*** DATA RECORDS ***
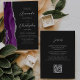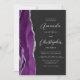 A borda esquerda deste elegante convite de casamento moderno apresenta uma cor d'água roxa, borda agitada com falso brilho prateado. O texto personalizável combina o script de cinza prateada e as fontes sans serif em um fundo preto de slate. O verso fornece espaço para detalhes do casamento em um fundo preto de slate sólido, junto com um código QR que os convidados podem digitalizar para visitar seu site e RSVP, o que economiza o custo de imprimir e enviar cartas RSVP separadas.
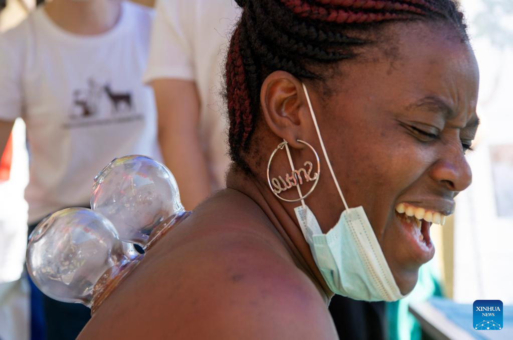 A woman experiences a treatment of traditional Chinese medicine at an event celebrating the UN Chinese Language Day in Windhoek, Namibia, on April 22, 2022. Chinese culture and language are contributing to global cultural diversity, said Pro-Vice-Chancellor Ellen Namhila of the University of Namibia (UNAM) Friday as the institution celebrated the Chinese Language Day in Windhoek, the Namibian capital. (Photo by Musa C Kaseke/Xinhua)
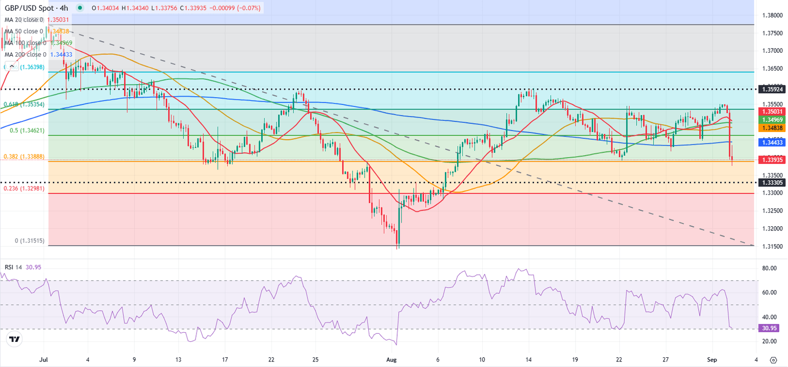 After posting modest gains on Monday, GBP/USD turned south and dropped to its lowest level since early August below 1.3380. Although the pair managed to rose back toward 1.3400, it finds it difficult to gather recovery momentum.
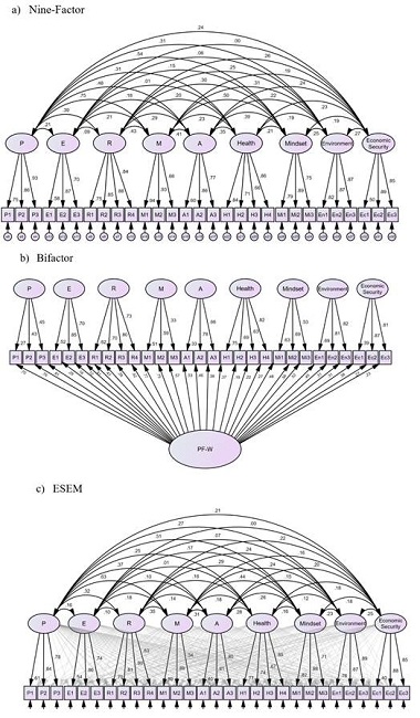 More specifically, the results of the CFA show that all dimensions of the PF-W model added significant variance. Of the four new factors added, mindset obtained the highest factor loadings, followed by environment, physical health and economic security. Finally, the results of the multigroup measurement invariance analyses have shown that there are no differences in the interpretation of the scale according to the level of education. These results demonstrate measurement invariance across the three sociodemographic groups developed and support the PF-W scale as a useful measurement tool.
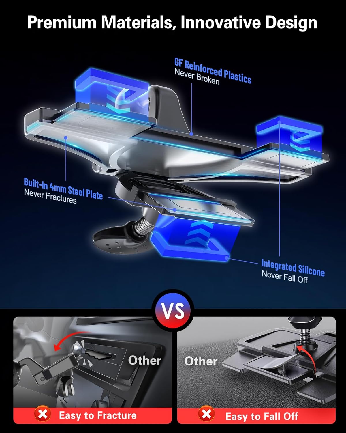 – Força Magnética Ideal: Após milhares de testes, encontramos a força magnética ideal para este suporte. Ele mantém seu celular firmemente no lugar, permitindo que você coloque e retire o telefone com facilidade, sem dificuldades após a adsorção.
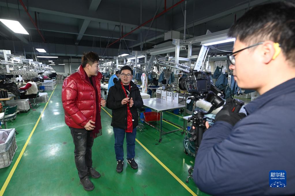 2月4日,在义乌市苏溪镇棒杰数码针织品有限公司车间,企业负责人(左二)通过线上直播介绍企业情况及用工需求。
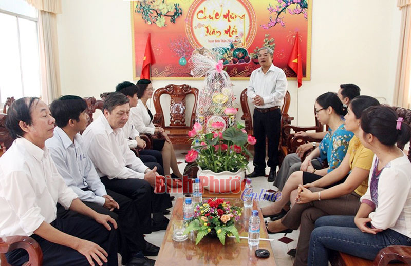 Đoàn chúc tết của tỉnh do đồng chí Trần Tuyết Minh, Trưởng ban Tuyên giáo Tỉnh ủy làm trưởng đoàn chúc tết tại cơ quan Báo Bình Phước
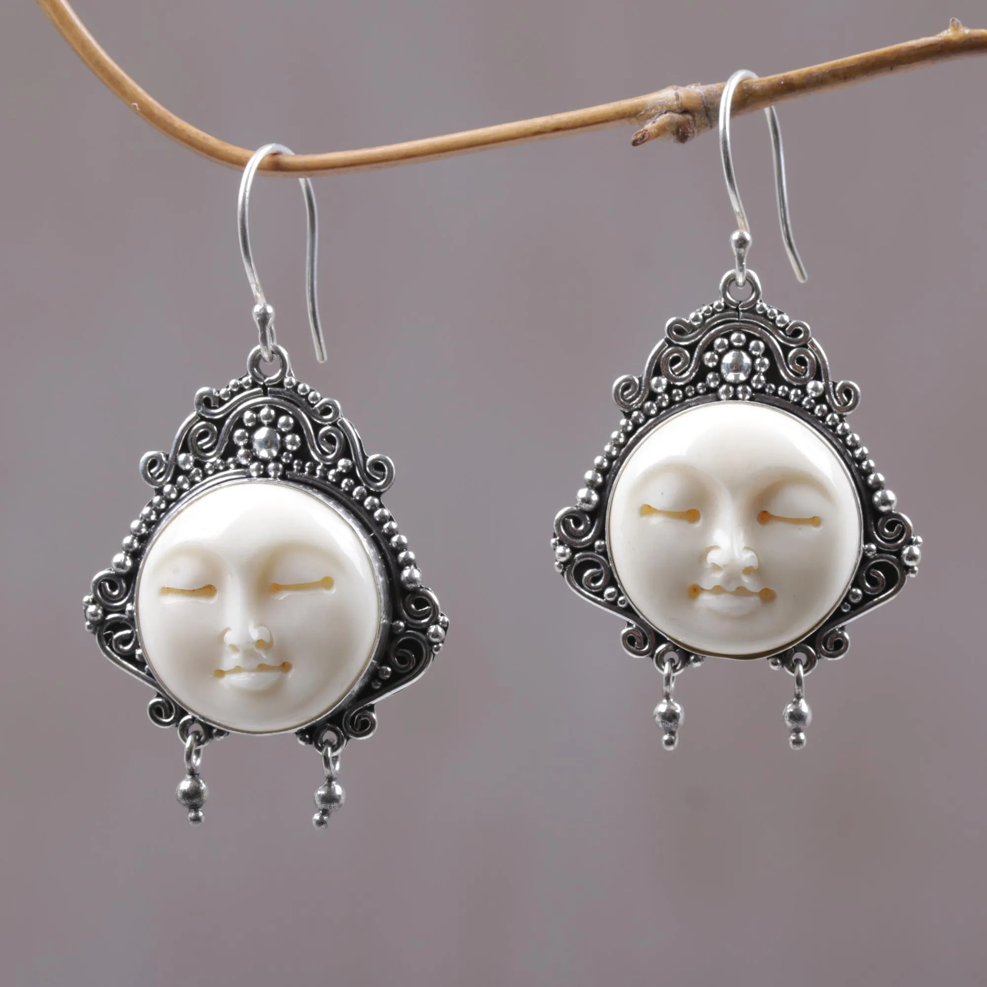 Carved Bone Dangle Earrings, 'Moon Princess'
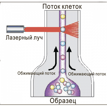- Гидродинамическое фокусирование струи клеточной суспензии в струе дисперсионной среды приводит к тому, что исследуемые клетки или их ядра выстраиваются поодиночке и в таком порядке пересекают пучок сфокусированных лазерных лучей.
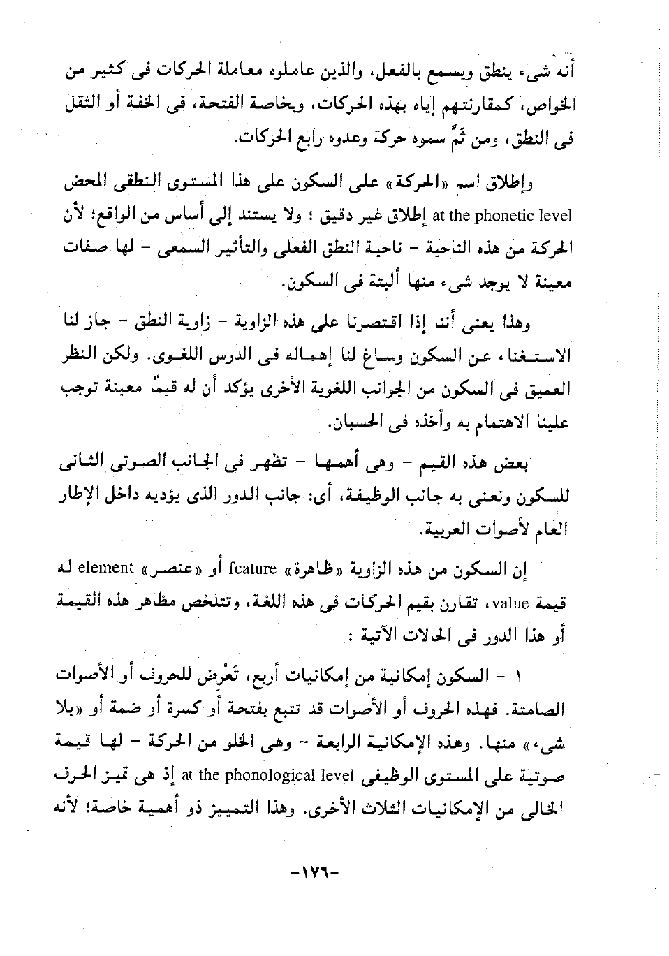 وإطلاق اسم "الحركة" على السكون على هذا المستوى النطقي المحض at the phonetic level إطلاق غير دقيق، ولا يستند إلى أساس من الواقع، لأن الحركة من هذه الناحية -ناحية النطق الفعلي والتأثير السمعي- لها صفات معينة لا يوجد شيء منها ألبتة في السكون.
***
Nothing but the lines from the start of the listing through the line with "A woman experiences" belongs in the answer, each one retyped exactly and without pictures.

## SOLUTION BELOW
 A borda esquerda deste elegante convite de casamento moderno apresenta uma cor d'água roxa, borda agitada com falso brilho prateado. O texto personalizável combina o script de cinza prateada e as fontes sans serif em um fundo preto de slate. O verso fornece espaço para detalhes do casamento em um fundo preto de slate sólido, junto com um código QR que os convidados podem digitalizar para visitar seu site e RSVP, o que economiza o custo de imprimir e enviar cartas RSVP separadas.
 A woman experiences a treatment of traditional Chinese medicine at an event celebrating the UN Chinese Language Day in Windhoek, Namibia, on April 22, 2022. Chinese culture and language are contributing to global cultural diversity, said Pro-Vice-Chancellor Ellen Namhila of the University of Namibia (UNAM) Friday as the institution celebrated the Chinese Language Day in Windhoek, the Namibian capital. (Photo by Musa C Kaseke/Xinhua)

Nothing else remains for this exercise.